PROVIDED ENTRIES:
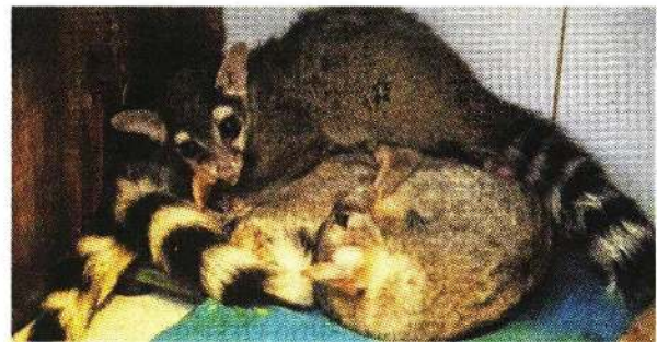
Pueden ser fácilmente confundidos con mapaches, zorros, gatos e, incluso, lémures.

De dos años para acá hemos estado recibiendo muchos más llamados de la ciudadanía por este tipo de especies (...) antes recibíamos dos o tres cacomixtles por semana y ahora son siete o 10".
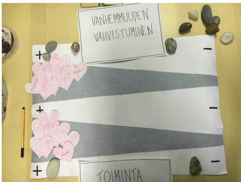
Kuva 4: Toisen toimintakerran palaute

Toinen toimintakerta erosi paljon ensimmäisestä sekä osanottajamäärältään että sen vuoksi, että olimme valmistautuneet ajallisesti paremmin tähän kertaan. Tällä kerralla saimme vietyä suunnittelemaamme kokonaisuuden loppuun eli purimme vanhemmuuden käsi-toiminnan yhteisesti. Merkille pantavaa oli, että kaikilla kerroilla osallistujat työskentelivät intensiivisesti ja osallistuivat aktiivisesti keskusteluun. Palaute toiselta toimintakerralta oli positiivinen ja osallistujat vaikuttivat tyytyväisiltä (Kuva 4.). Meillä itsellämme ohjaajina ammatillinen ryhmän ohjaaminen vahvistui. Ymmärsimme, että selkeä etukäteen mietitty ohjeistus on tärkeää kokonaisuuden toimivuuden kannalta. Hyvä ohjeistus myöskin säästää aikaa ja työskentelyn alkuun pääseminen on mielekkäämpää kaikille.
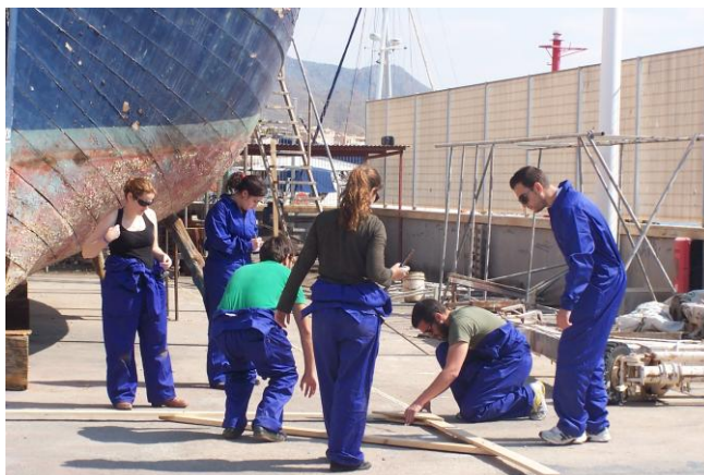
Experiencia docente: VIMAR LA VILA. Alumnos.

Las competencias que el alumno ha de adquirir, deben ser la expresión de su habilidad para desarrollar eficazmente determinadas funciones. Ello implica la asunción por parte del estudiante de un papel activo y participativo en el proceso de su propia formación permanente - construcción del conocimiento-, con el fin de llegar a la toma de conciencia de que su tránsito en la universidad es sólo una etapa de un proceso de aprendizaje que se extenderá a lo largo de toda la vida.
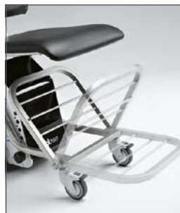
En el Yack 961 los reposabrazos y reposapiés son abatibles para mayor confort del usuario.
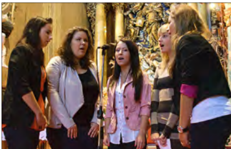
Hudobné talenty Gymnázia Malacky

Školská budova, v tridsiatych rokoch s prívlastkami moderná, reformná s pokusným vyučovaním, prešla za 80 rokov zmenami. Jej bránami prešlo mnoho žiakov, za jej katedry sa postavili stovky učiteľov. Život tejto školy ovplyvnil jestvovanie tisícov obyvateľov nášho mesta. Pripomnutie si 80. výročia otvorenia ZŠ Dr. J. Déreera umožnilo aspoň na chvíľu sa obzrieť či zaspomínať. Slávnostné chvíle umocnila akadémia, ktorá sa
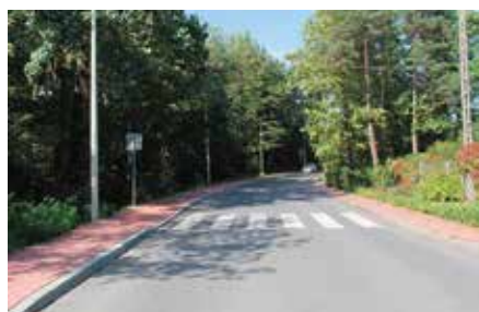
Remont drogi w Czerwonej Górze
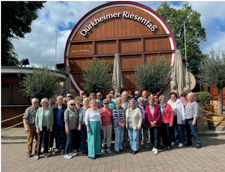
Besuch Dürkheim an der Weinstraße im Sommer 2024
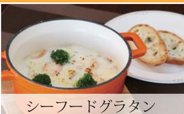
シーフードグラタン
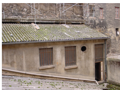
Détail toiture IVR82_20086900333NUCA
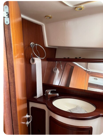
Goldstar 360 wc
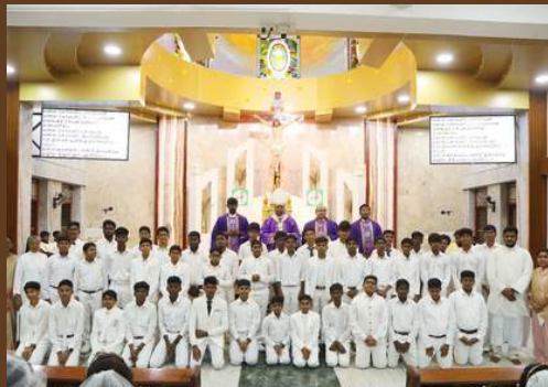
CONFIRMATION - ST. ANTONY CHURCH - MOGAPPAIR WEST
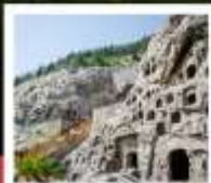
ท่าหลงเหมิน

ตลาดกลางไคเฟิง / ศาลไคเฟิง / ประตูเมืองท่าต้าเหลียนเหมิน / สวนชิงหิงซึ่งเหอ อุทยานหยุนโกซาน / วัดเล่าหลิน / ป่าเจดีย์ / โชว์วิถียาพุทธเล่าหลิน / โชว์ SHAOLIN MUSIC CEREMONY ท่าหลงเหมิน / ชมดอกโบตั๋น / ถนนคนเดินสี่จั๊งเหมิน / เมืองโบราณลั่วอี้ (ฟรีใส่ชุดพื้นเมืองชาวฮั่น) กำแพงเมืองอิ่งเกียนเหมิน / พิพิธภัณฑสถานภัคดีอาหารม้าเจิ้นซี / โชว์ราชวงศ์ถัง / กำแพงเมืองโบราณซื่ออัน จัตุรัสหอรบะมิง + หอกลอง / ตลาดมุสลิม / JOY CITY / เจดีย์ห่านป่าใหญ่ / ถนนคนเดินวัฒนธรรมต้าถ้ง
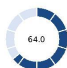
Figure - Dealing with Construction Permits in Tunisia - Score
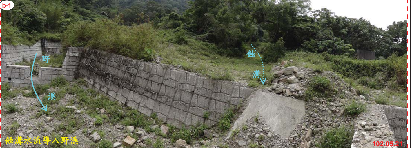
蝕溝水流導入野溪
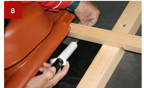
8 Anschließend die Dichtungsmanschette ausrichten und fachgerecht mit dem Manschettenkleber an die Unterdeckbahn anschließen.
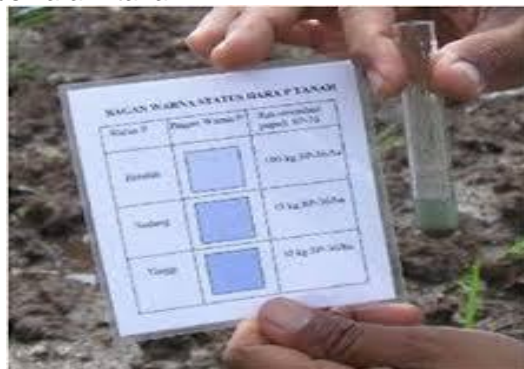
Gambar 4. penetapan P tanah
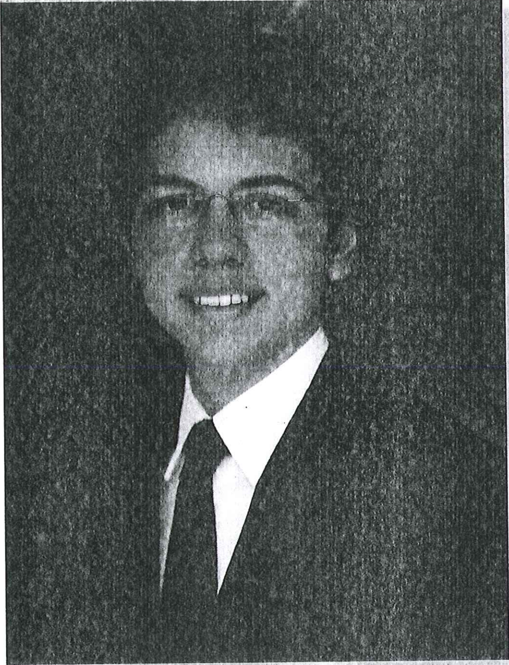
حضرة صاحب السمو الملكي الأمير الحسين بن عبد الله الثاني ولي العهد المعظم
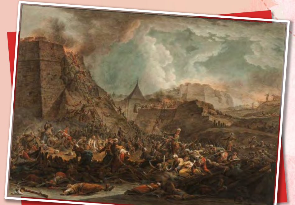
«Взятие Измаила (со стороны Дуная)» Иванов М. М., 1748

24 декабря — День взятия турецкой крепости Измаил русскими войсками под командованием А. В. Суворова (1790 год)
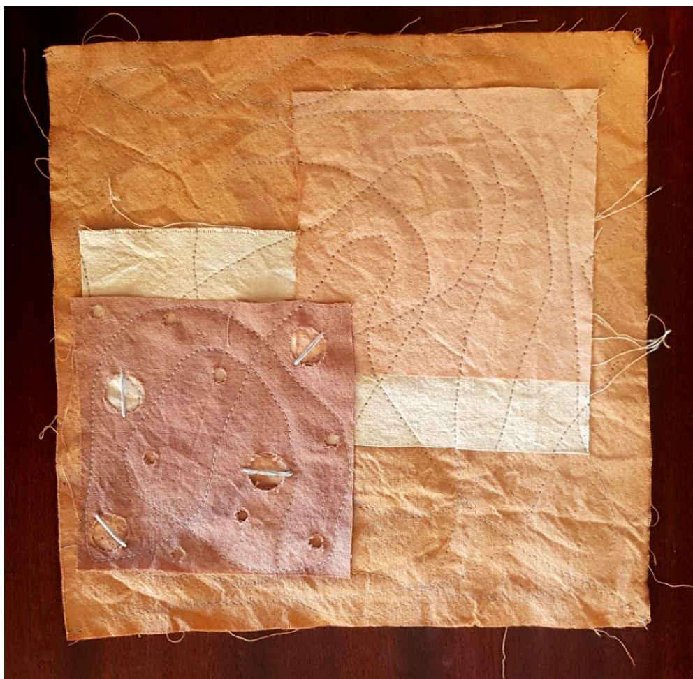
Slika 21 primjer likovnog rješenja

Ovaj rad sačinjavaju osnovna podloga i tri pravokutnika koji su različitih boja, a kao cjelina tvore slojevitou kompoziciju. Zasebni pravokutnici su za podlogu pričvršćeni slobodnim prošivanjem na šivaćoj mašini s koncem u svjetlo plavoj boji. Kvadrat u najtamnije obojenom tonu na sebi sadrži perforacije različitih promjera, a perforacije sa najvećim promjerom kružnice na sebi sadrže linije koje su ručno izvezene. Karakteristike ovoga rada su slojevitost materijala, odnos između toplih tonova te kontrast s hladnim tonom konca.
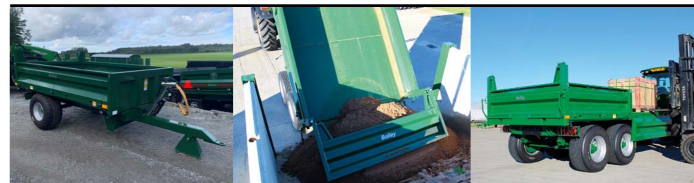
Dropside 4T. Pris fra 84.000,-
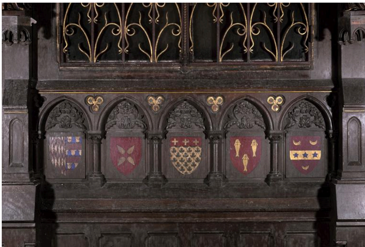
Détail de la partie centrale de l'élévation sud des lambris, abritant les reliquaires et saintes huiles.
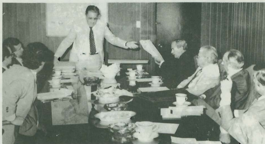
Entrega del Plan Nacional de Desarrollo a los Organismos Internacionales en OFIPLAN por el Sr. Ministro-Director. 27 de noviembre de 1979.
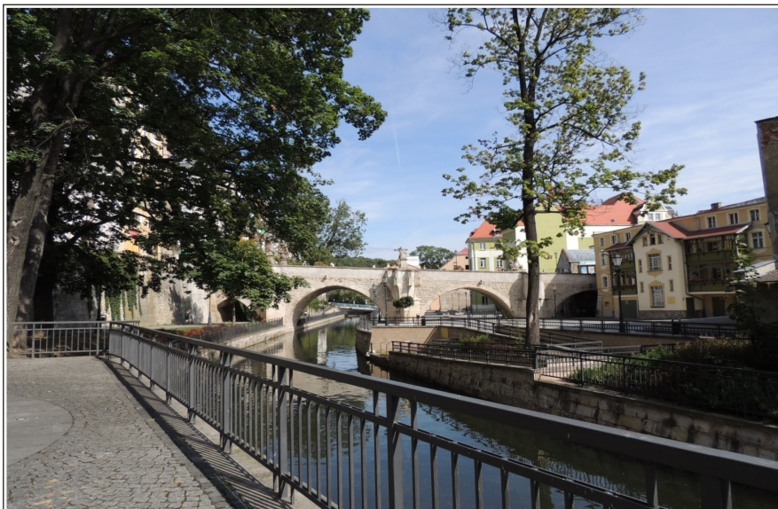
Rejon parku Sybiraków
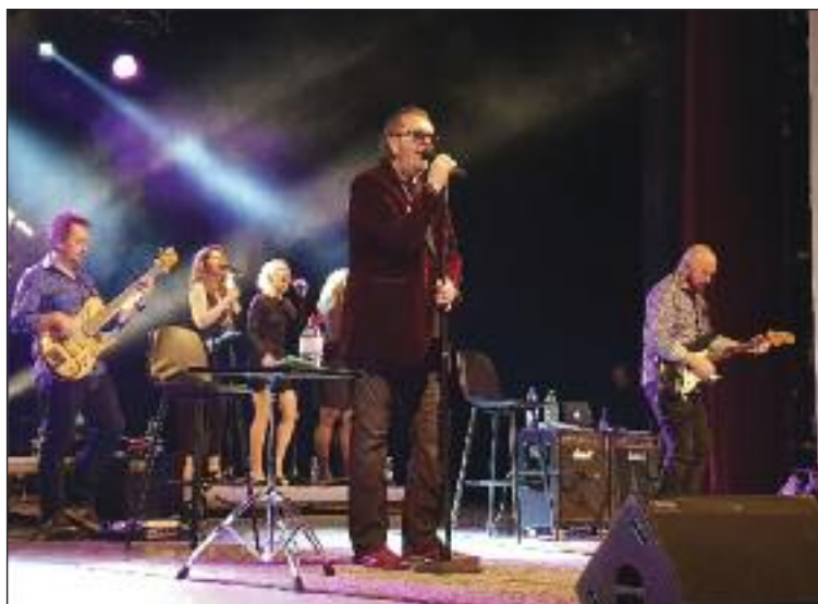
Richard Müller vystúpil v sprievode 11 hudobníkov.

síme ani zhasnúť. Posledný raz. Bude prvý. Milujme sa prosím. Na smrť...”

WHAT YOU WILL DO: In the listing, find each line with the string "Détail" and copy it.

RESULT OF THE EXERCISE:
Détail toiture IVR82_20086900333NUCA
Détail de la partie centrale de l'élévation sud des lambris, abritant les reliquaires et saintes huiles.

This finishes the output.